Sidewalk counseling wasn’t always a passion for Eleanor. In the summer of 2000, she had her own St. Paul moment when God knocked her off her horse one day at Mass. Up until then, life had seemed rich and full enough, “but I was getting a little restless,” she said. Feeling convicted to do something greater for the Lord, Eleanor asked her priest for a few suggestions. He told her to go down to Planned Parenthood and pray for the women there. Eleanor did just that, and she’s been serving the Lord and the women of Boston ever since.
But, in 2008, the Commonwealth of Massachusetts created a fixed “buffer zone” around abortion centers. Pro-life counselors were required to keep at least 35 feet away from building entrances, exits, and driveways. The new “buffer zone” statute impacted the way sidewalk counselors interacted with mothers and fathers and others entering and exiting the centers. Instead of approaching with kindness and compassion, Eleanor and the other counselors were forced to shout at the women and men to get their attention, giving off the impression they were there to condemn, not help, the women and men and their unborn babies.

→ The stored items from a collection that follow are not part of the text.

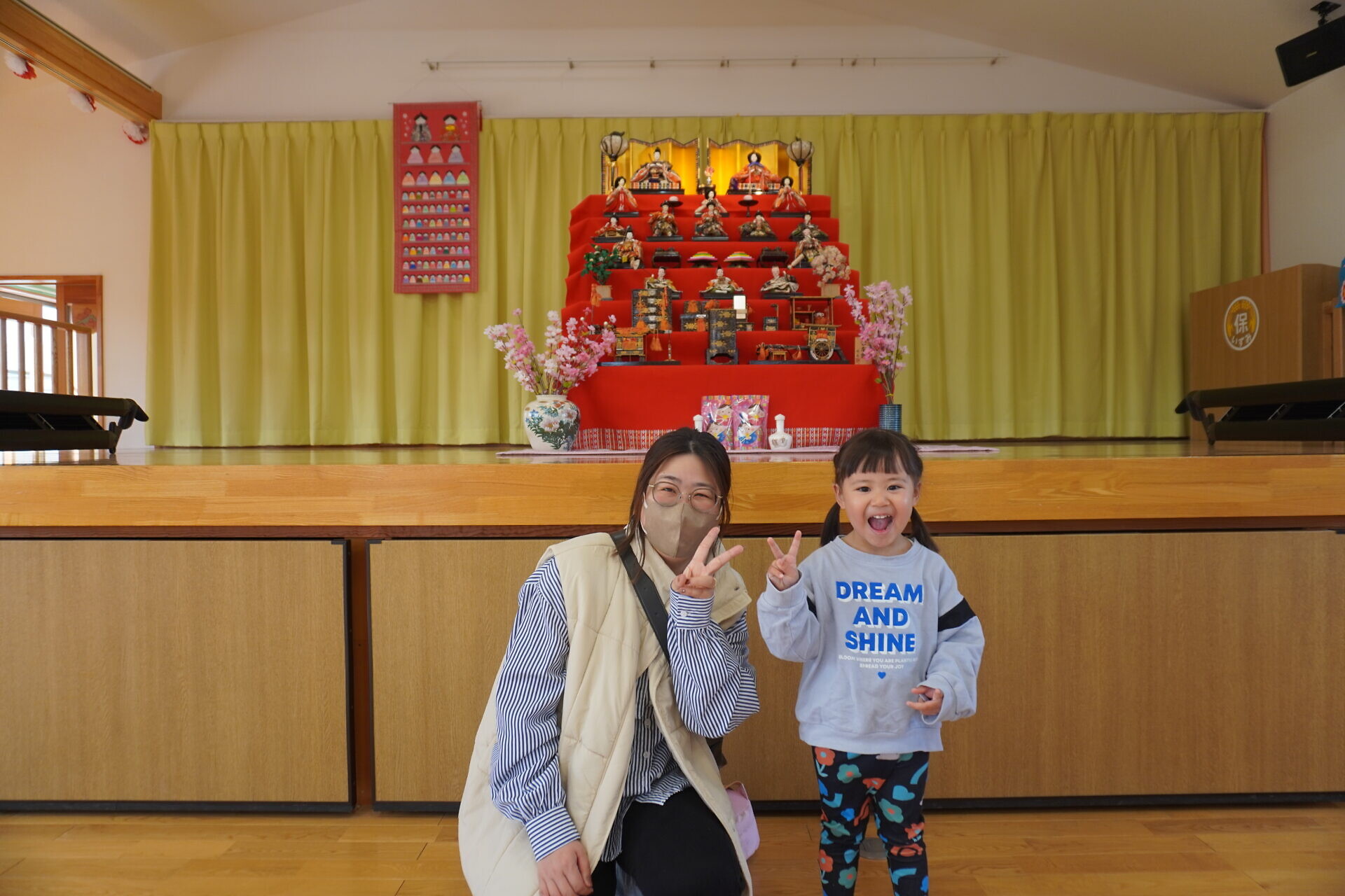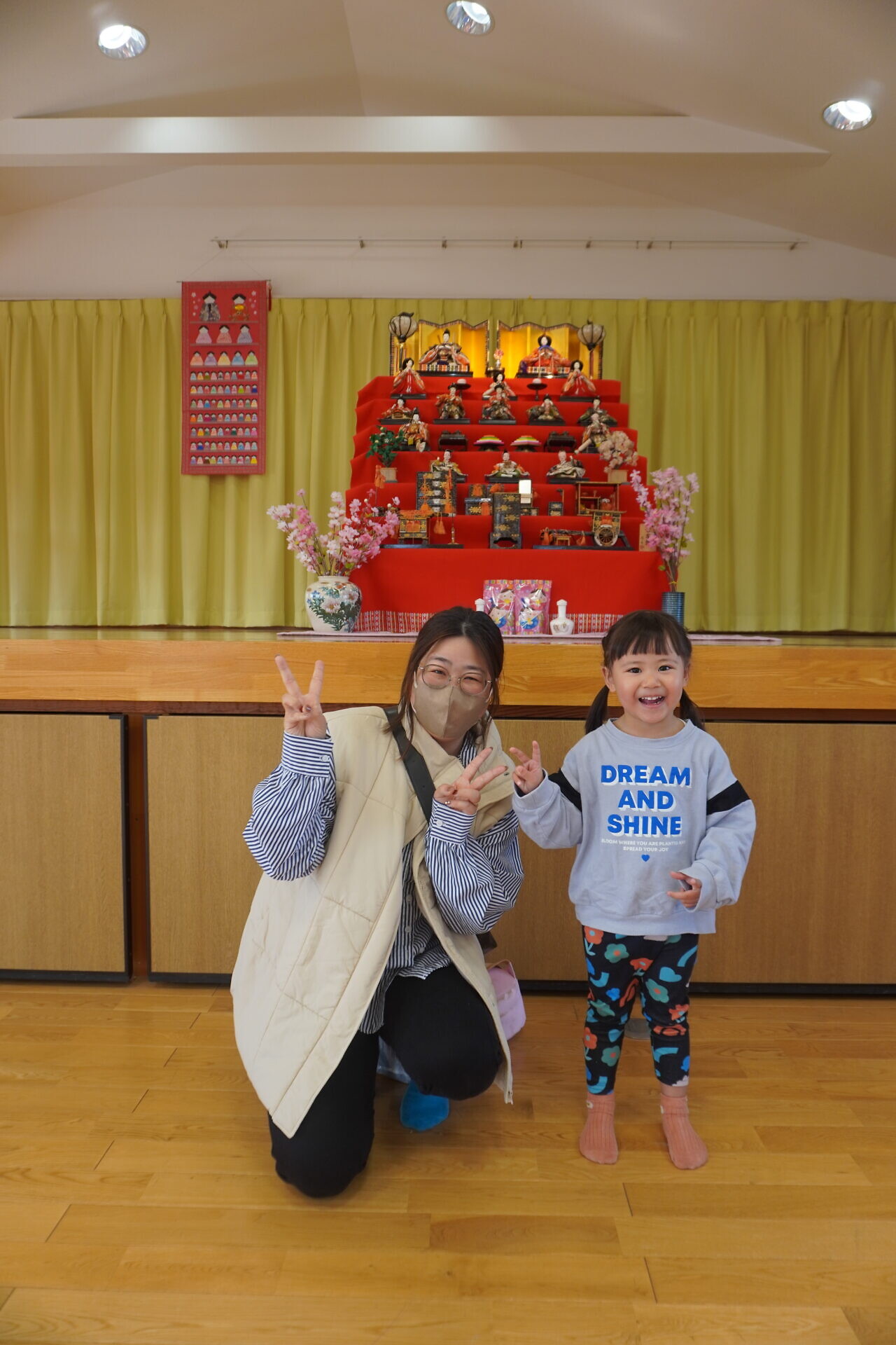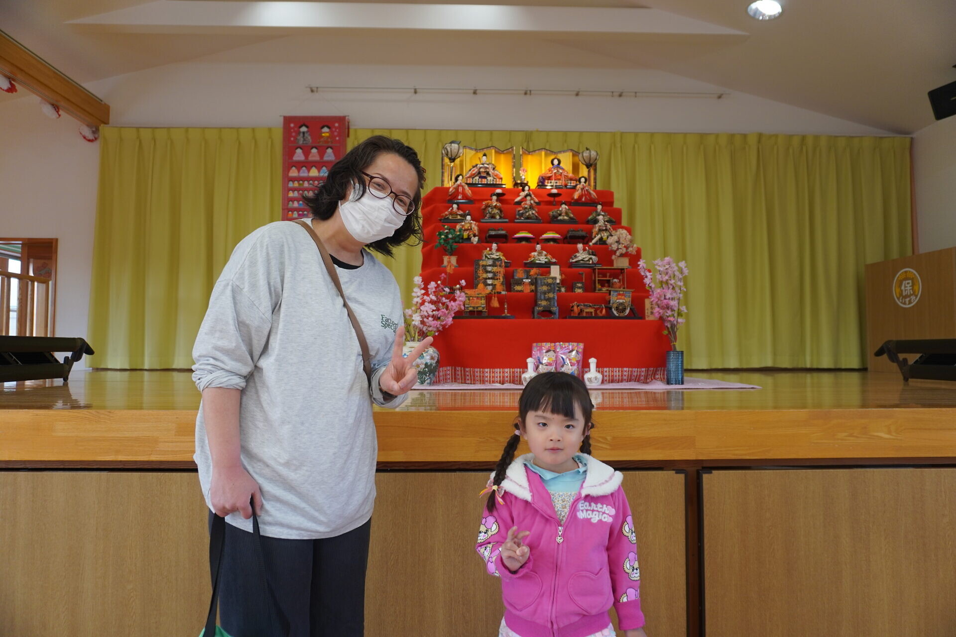 また、ひな祭りが近いということもあり保育園でだしていたおひなさまも直接みてもらう事が出来ました!!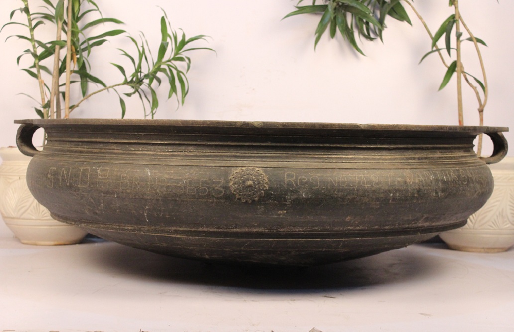 South Indian Bronze Urli Made by Lost Wax Process. One of Its Kind. It Was Used Before in India to Cook Food to Serve Gods and Deities. Now It is Ideal to Put Flowers and Floating Candles and Use It as a Perfect Indoor Decoration. The Beauty of This Piece Lies in the Way of Making This Piece. This Urli is Made by Lost Wax Process. Which is Completely Done by Hand. It Serves as a Beautiful Bronze Bird Bath Too.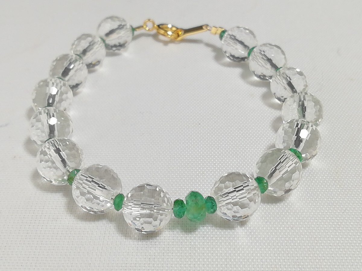 コロンビア原産天然エメラルド利用マダガスカル水晶ブレスレット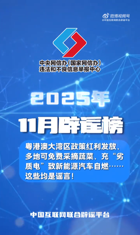 为澄清谬误、以正视听,中国互联网联合辟谣平台盘点2025年11月热传谣言,遏制谣言传播空间,净化网络生态,营造风清气正的网络环境。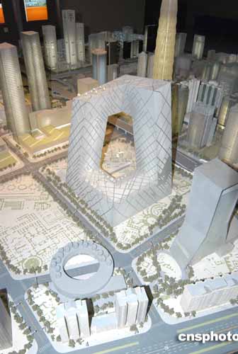 | 經(jīng)過多次反復(fù)和調(diào)整,占地近十九公頃的中央電視臺新大樓于九月二十二日在北京CBD奠基,正式從設(shè)計圖紙轉(zhuǎn)入建設(shè)期。新大樓的方案由荷蘭大都會建筑事務(wù)所著名設(shè)計師庫哈斯設(shè)計,“側(cè)面S正面O”的特異造型此前引起眾多爭議。建成后每天將有超過一萬名員工在樓內(nèi)工作,可以容納約二百五十個頻道。圖為央視新樓及周邊地區(qū)效果模型。作者:徐曦弋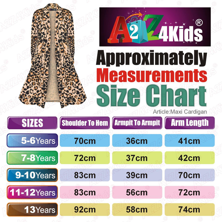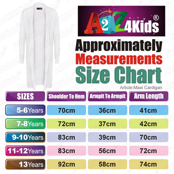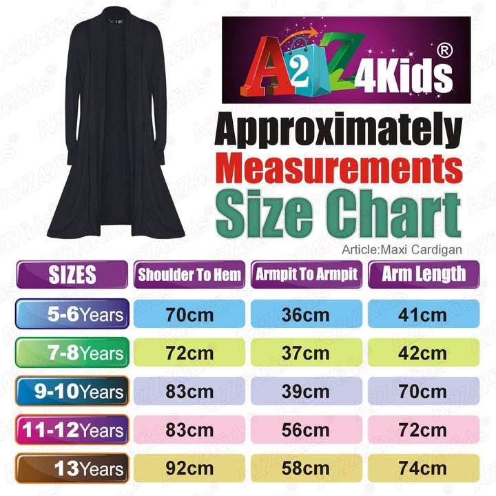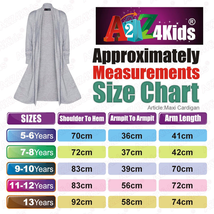 Kids Girls Long Sleeves Maxi Boyfriend Floaty Cardigan Ladies Open Front 5-13 Yr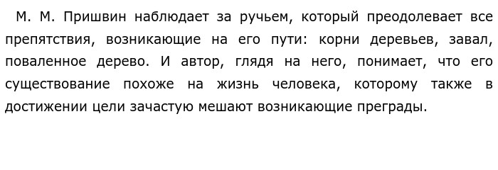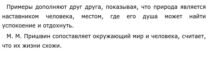 Какова роль природы в жизни человека? По тексту М. М. Пришвина «Если хочешь понять душу леса, найди лесной ручей и отправляйся по его берегу вверх или вниз…» (ЕГЭ по русскому)Какова роль природы в жизни человека? Именно над этой проблемой размышляет М. М. Пришвин. Автор описывает свою прогулку по лесу. Он любуется природой, её многообразием и размеренной жизнью. М. М. Пришвин говорит, что его «глаз обласкан», ему стало «так, что лучше и быть не могло». Душа человека находит успокоение не в шумных городах, среди пыли дорог, а на природе. А. Платонов в произведении «Юшка» показывает нам, что люди могут по-настоящему отдохнуть только тогда, когда любуются красотой окружающего мира, находятся в единении с ним. Так, например, главный герой книги идет по дороге и с восторгом наблюдает за всем, что его окружает, боится причинить вред даже совсем крошечным букашкам. И в этот момент Юшка забывает даже о мучившей его чахотке и обидах, нанесенных жителями деревни. ![]() В такие моменты природа становится учителем для людей. В романе-эпопее Л. Н. Толстого «Война и мир» князь Андрей Болконский после смерти своей жены в течение двух лет не может прийти в себя, вернуться к прежней жизни. В это время он видит старый, безжизненный дуб, с которым и сравнивает себя. Однако после встречи с Наташей Ростовой князь вновь замечает дерево, но на нём, к его удивлению, распускаются почки, оно оживает, и это радует героя. Андрей Болконский меняет своё мнение и убеждает себя в том, что жизнь ещё не окончена. ![]() Однако люди без природы существовать не смогут, тогда как она без них — вполне. Я разделяю мнение автора. Роль природы в жизни человека огромна. Она его учитель, друг и единственный верный помощник, который никогда не предаст и не обманет. Обновлено: Опубликовал(а): Алексеенко Серафима Дмитриевна Внимание! Спасибо за внимание. Полезный материал по теме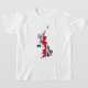 100% cotton so perfect for summer, It is a nicely designed t-shirt, the fabric is soft and the seams finished well, the body of the t shirt has no side seams. I bought a medium size for my two grandsons, aged 9 and 8 it will be slightly big on them but I would rather that than too small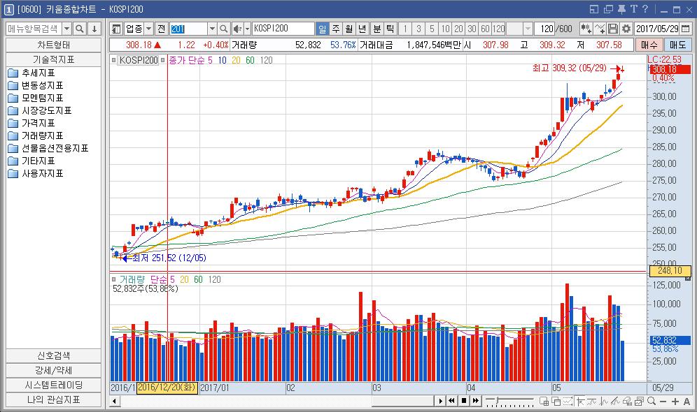 아마 내일(2017-05-30)정도 막바지 상승을 보이고 조정장세에 돌입할 것으로 본다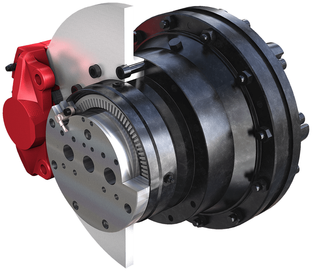 B200-series wheel motors are designed to generate tractive power on tractor-driven trailers and implements. Due to their unique freewheeling technology, the motor can freewheel without active hydraulics and work as a conventional wheel hub. The B200-series motors transmit up to 130 kW of power and 45 kNm of torque. The displacement ranges from 500 to 6300 ccm with a high load carrying capacity of even up to 280 kN. These motors are available with drum and caliper disc brakes and new speed sensors with direction and motion detection.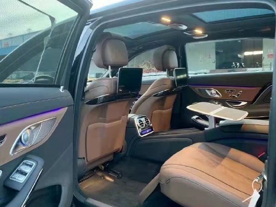 配置:曜石黑,全景天窗,棕色高级纳帕菱形真皮座椅+真皮顶棚,黑钢琴漆流畅线条,桃木方向盘,柏林之声3D环绕音响,抬显系统,环车影像,夜视辅助,后排冰箱,迈巴赫专属四座包:(后排通风、加热、按摩、气动调节座椅,后排娱乐DVD,延长腿托,迈巴赫专属办公桌),迈巴赫专属20寸大饼轮,高性能轮胎。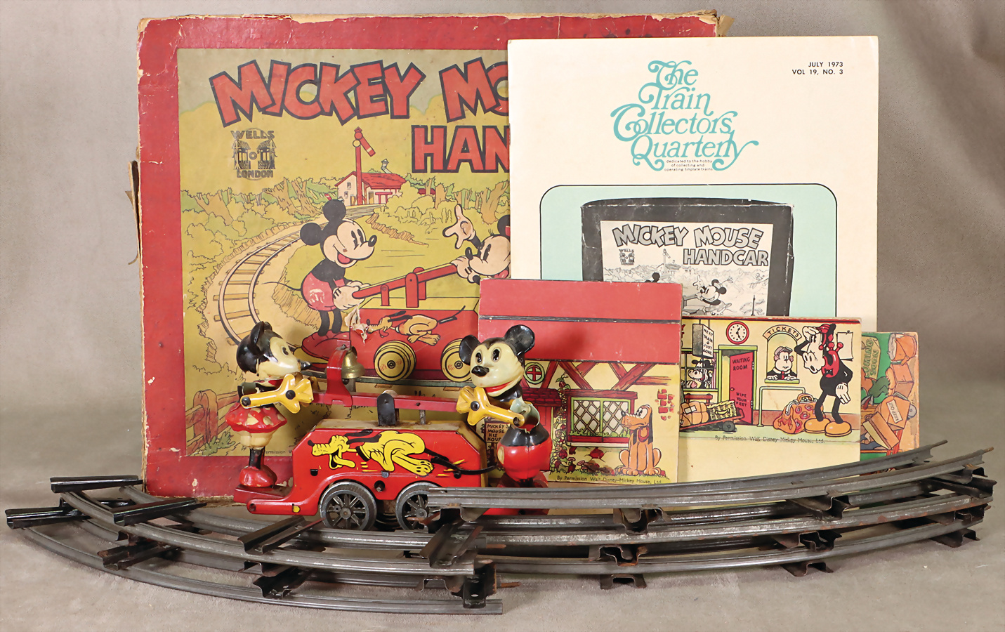 Micky Mouse, Handcar, Wells, London, England, Draisine, Blech lithogr., passend zu Spur 0, Uhrwerk intakt, Celluloid-Köpfe der Micky Mäuse weggebrochen, teilw. Rumpf beschädigt, im Orig.-Kart., Kart. stärker verschlissen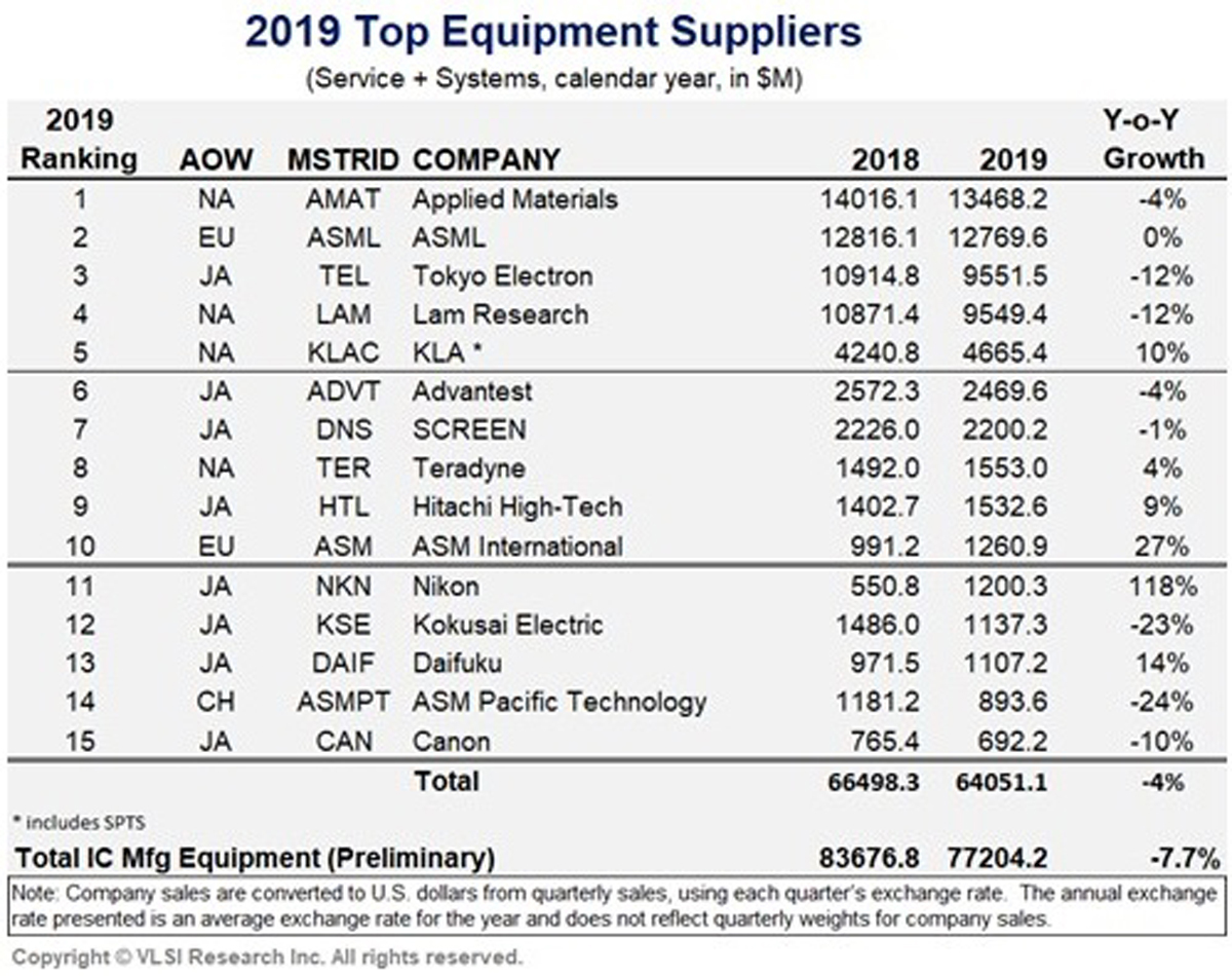 ◇2019年の半導体製造装置メーカー売上高ランキング・トップ15 単位(US $ Million)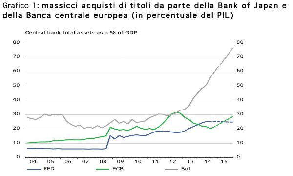 1. È un'ulteriore conferma della divergenza delle politiche monetarie a livello mondiale. La Fed, da un lato, dovrebbe cominciare ad alzare i suoi tassi di interesse quest'anno. La BCE e la Bank of Japan, dall'altro, stanno combattendo attivamente i rischi di deflazione attraverso una rapida espansione dei loro bilanci (vedi grafico 1).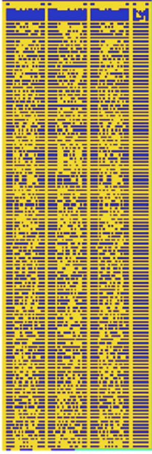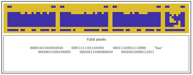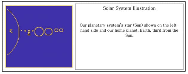 Auch unser Sonnensystem – und darin hervorgehoben der dritte Planet als Ursprung der Botschaft selbst, wird wie schon in der „Arecibo-Botschaft“ binär abgebildet…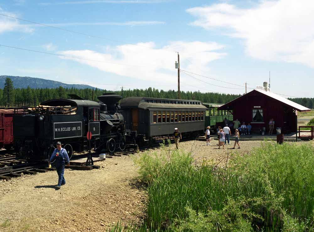 railroad dead line in Alaska and raised enough money to purchase the pair and transport them to McEwan. Donations continued to roll into the project. Union Pacific provided rails and track materials from two branchline abandonments in Oregon, specifically the Vale-Brogan and Weston-Athena branches. Crown Zellerbach donated a small diesel locomotive and some rolling stock from an in-plant switching railroad at a sawmill that company owned in Camas, Washington. Members of the David Eccles family learned of the project and made substantial donations to the group, allowing it to pursue additional aquisition, expansion, and restoration efforts. And, finally, the Edward Hines Lumber Company deeded the right-of-way over to the restoration group. The railroad finally realized its short term goal of returning to Sumpter in 1991. Development in Sumpter since the original railroad quit obliterated the last part of the original grade into town, which forced the restoration group to develop their own. The group obtained the final parcels of land needed for the right-of-way in 1990, and the first train back into Sumpter operated on 27 April 1991. Heisler #3 and the small diesel handled all operations through the first two decades of the new Sumpter Valley's operations. In 1992, the group secured enough grant money to make restoring one of the repatriated mikados feasible, and the #19 departed on a truck bound for the Daylight Locomotive Works in Portland, Oregon. Restoration of the #19 consumed four years and a quarter million dollars. The debut of the #19 in July 1996 gave the railroad two functional steam locomotives with which to power operations. The group at the same time completed a large and well equipped shop building to provide space to house, restore, and maintain equipment, which has grown to include equipment from narrow gauge operations all over the north American continent. |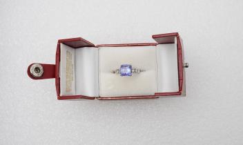 Tanzanite measuring approximately 8.5 x 8.5 x 5.4mm, calculated weight approximately 2.30 carats. Attractive colour, good clarity, in good condition, diamonds bright and lively.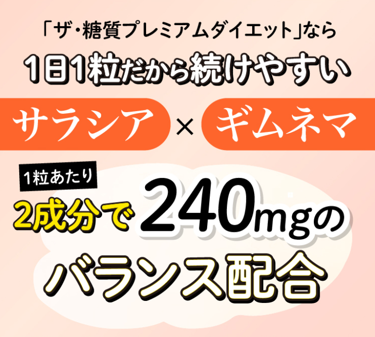 - **サラシアとギムネマシルベスタを1粒に240mgという驚異的な限界配合!**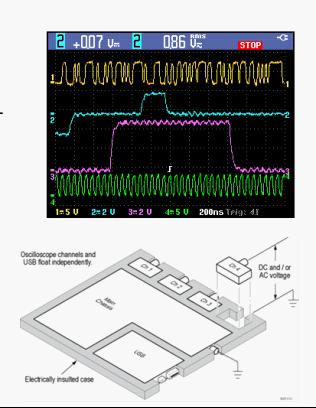 THS3000系列產品型號分為帶寬100 MHz、最大采樣率2.5 GS/s和200 MHZ、5 GS/s兩種,性能達到同類最佳。具備四個隔離通道,每通道10,000個樣點的記錄長度使用戶能夠以高采樣率捕獲大量信號信息,從而清楚地看到信號細節(jié),快速發(fā)現(xiàn)信號異常。THS3000示波器上的各個通道與機身接地以及各通道相互之間是隔離的。另外,用于數(shù)據存儲、儀器設置和PC通信的外部USB輸入也是隔離的。這讓用戶能夠安全地使用隨附的10X探頭進行電壓高達300 VRMSCAT III的浮動測量,或使用可選探頭進行電壓高達1000 VRMSCAT II的浮動測量。該儀器具有600 VRMSCAT III 防護等級的輸入(BNC連接器至大地),以保證安全的高壓測量。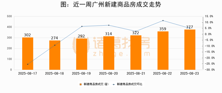 根据广州市住房和城乡建设局数据显示,2025年08月23日广州新建商品房成交377套,较昨日增加18套,环比上涨5%。近一周广州新建商品房日均成交320套。08月23日单日成交377套,高于近一周平均水平17.8%。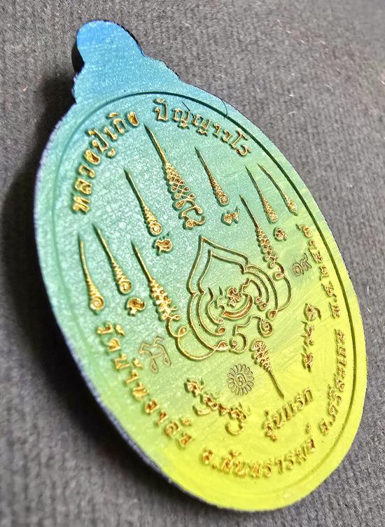 เหรียญเพ้นทั้งองค์ เพ้นลายวัด หน้ากากเงิน ชุบน้ำทอง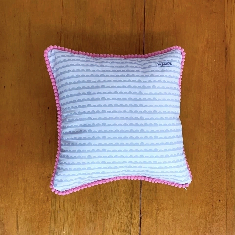 Em tecido 100% algodão, capa com zíper e acabamento de pompom.

Alliance Defending Freedom gave full support to Allied Attorney Michael DePrimo who, along with two other Allied Attorneys, Mark Rienzi and Philip Moran, worked on behalf of Eleanor to challenge the new “buffer zone” statute.
“The U.S. Supreme Court had never approved of any type of a law even remotely similar to the Massachusetts statute,” DePrimo said, “The court has, for many, many years, said that speech on public issues should be uninhibited, robust, and wide open.” Nevertheless, “the courts have been chipping away at the rights of pro-lifers, making it much more difficult for them to express their messages, even on public sidewalks.”
Litigation against the Massachusetts attorney general went on for eight years, finally reaching the United States Supreme Court in early 2013.
A few months after arguments, nine justices, who rarely agree on anything, ruled unanimously in Eleanor's favor. “Even the most liberal Supreme Court justices ruled that the Massachusetts buffer statute violated the First Amendment,” DePrimo said.
The court’s decision didn’t only impact the abortion center Eleanor faithfully counseled at. Other cities across the country also began repealing similar buffer zone statutes—making it easier for pro-life counselors to do their life-saving work.
“It’s all glory to God,” Eleanor says, “and thank you to our lawyers for persevering.”